The proposals are set to be discussed in a private meeting of the municipal executive, with today being considered “the last day of the suspension period” for new registrations of local accommodations in the city. This comes after an order by the mayor, Carlos Moedas (PSD), extended the suspension period, which would have ended on November 7.
Following the council’s vote, the approved proposals must be submitted to the Lisbon Municipal Assembly (AML) for them to be enacted. This meeting is scheduled for next Tuesday, December 2, the president of the AML, André Moz Caldas (PS), revealed.
The PS proposal aligns with the project to amend the Municipal Regulation of Local Accommodation (RMAL), approved by the council in December 2024 and subjected to public consultation between March and April this year. It advocates for reducing the ratios to 5% in areas of absolute containment and 2.5% in areas of relative containment.
Doubling these ratios, the PSD/CDS-PP/IL leadership’s proposal, signed by the councilor for Housing and Urbanism, Vasco Moreira Rato (an independent indicated by the PSD), suggests reducing it to 10% in absolute containment areas (10 AL per 100 homes) and to 5% in relative containment.
In the current RMAL, in effect since November 2019, absolute containment areas have a ratio between AL establishments and permanent housing units “over 20%” (more than 20 AL per 100 homes), and relative containment areas have a ratio “equal to or greater than 10% and less than 20%.” These areas are established based on homogeneous tourist zones (ZTH), with 15 demarcated in the city, including Bairro Alto/Madragoa, Castelo/Alfama/Mouraria, Colina de Santana in absolute containment.
The project to amend the RMAL submitted for public consultation, approved in the previous mandate (2021-2025), with the votes in favor from PSD/CDS-PP, PS, and PCP, abstention from Cidadãos Por Lisboa (elected by the PS/Livre coalition) and Livre, and against votes from BE, suggests three distinct scales for monitoring and containing AL in Lisbon: the municipality, the 24 parishes, and the 274 neighborhoods demarcated by the municipality.
The proposals from PS and PSD/CDS-PP/IL agree on creating “a single absolute containment area” at the municipal scale but differ on the ratio to apply, with socialists insisting on a ratio equal to or greater than 5%, as was in the project submitted for public consultation. Currently, that ratio in the city is at 7.2%, which would prevent new AL registrations.

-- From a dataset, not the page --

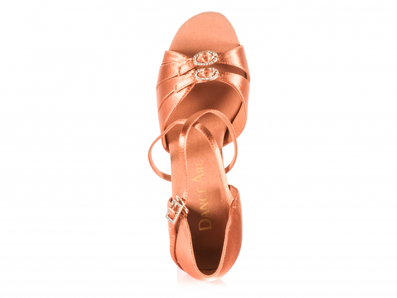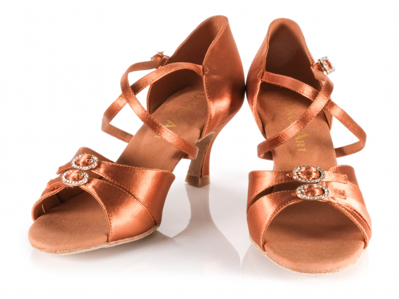 Die zehenoffene Sandalette aus edlem dark tan Satin besticht durch ihre geschmeidige Linienführung und ihren sanften Glanz, der auf der Tanzfläche pure Eleganz ausstrahlt. Der Fersenriemen mit einstellbarer Dornschnalle sorgt zusätzlich für Stabilität und eine präzise Passform – ideal für schnelle Drehungen und dynamische Figuren.

Conversely, the new team of Carlos Moedas—consisting of IL, PSD, and CDS-PP—suggests that absolute containment of new AL registrations occurs “whenever the municipality reaches a ratio equal to or greater than 10%.”
In absolute containment areas, “new AL establishment registrations are not admissible,” whereas in relative containment areas, new registrations “can be subject to exceptional authorization by the Lisbon City Council, upon express permission.”

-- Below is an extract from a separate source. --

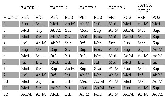 Verificando-se os resultados obtidos por meio de escores e convertidos em percentis pelos alunos com AH/SD (Alunos 1, 3, 5, 7, 9 e 11), nota-se que no Fator 1, dois alunos tiveram escores mais altos no pós-teste, três mais baixos e um se manteve o mesmo. Nos Fatores 2 e 3, dois participantes apresentaram aumento, três redução e dois mantiveram o mesmo. No fator 4, três alunos apresentaram aumento, nenhum teve diminuição e três se mantiveram iguais. Em relação ao grupo de alunos sem AH/SD (composto pelos Alunos 2, 4, 6, 8, 10 e 12), nota-se que no Fator 1 quatro alunos apresentaram melhora e dois se mantiveram os mesmos, no Fator 2, dois alunos apresentaram aumento, dois diminuição e dois se mantiveram iguais, no Fator 3, cinco apresentaram maiores percentis e um se manteve o mesmo e, no Fator 4, três alunos apresentaram progresso, um diminuiu seu percentil e 2 mantiveram os mesmos resultados.

According to the PSD/CDS-PP/IL proposal, as of November 1 this year, six Lisbon parishes fall under absolute containment, namely Santa Maria Maior (66.9%), Misericórdia (43.8%), Santo António (25.1%), São Vicente (16.1%), Arroios (13.5%), and Estrela (10.8%). One other remains in relative containment, specifically Avenidas Novas (6.6%).
Regarding neighborhoods, nine fall under absolute containment—Bom Sucesso, Belém, Ajuda, Alcântara, São Bento, São Sebastião da Pedreira, Picoas, Sapadores, and Parque das Nações—and another 13 are in relative containment, according to the team of Carlos Moedas.
This proposal allows, in relative containment areas, the possibility of offering AL in the form of a “room” in T2 or larger homes that constitute the usual residence of the owner.
Other measures prevent exceptional AL authorizations in properties acquired at public auction; restrict complementary uses such as commerce, services, restaurants, and drinks inside accommodation establishments; and limit the transferability of registration titles in containment areas, safeguarding exceptions provided by law.
The RMAL amendment aims to ensure a sustainable balance between tourism activity and housing rights, promoting an urban development model favoring the population’s quality of life and territory protection, at a time when AL today represents “about 67% of the city’s tourist accommodation supply.”
To Público, a source close to Carlos Moedas’s office said “about 7,000 AL licenses are being canceled from a total of 18,600 due to lack of mandatory civil liability insurance.”
In the current mandate (2025-2029), social democrat Carlos Moedas governs in a minority, with eight elected from the PSD/CDS-PP/IL coalition, one shy of obtaining an absolute majority, which would require the election of nine of the 17 members that make up the capital’s executive. In the opposition are four PS councilors, one from Livre, one from BE, two from Chega, and one from PCP.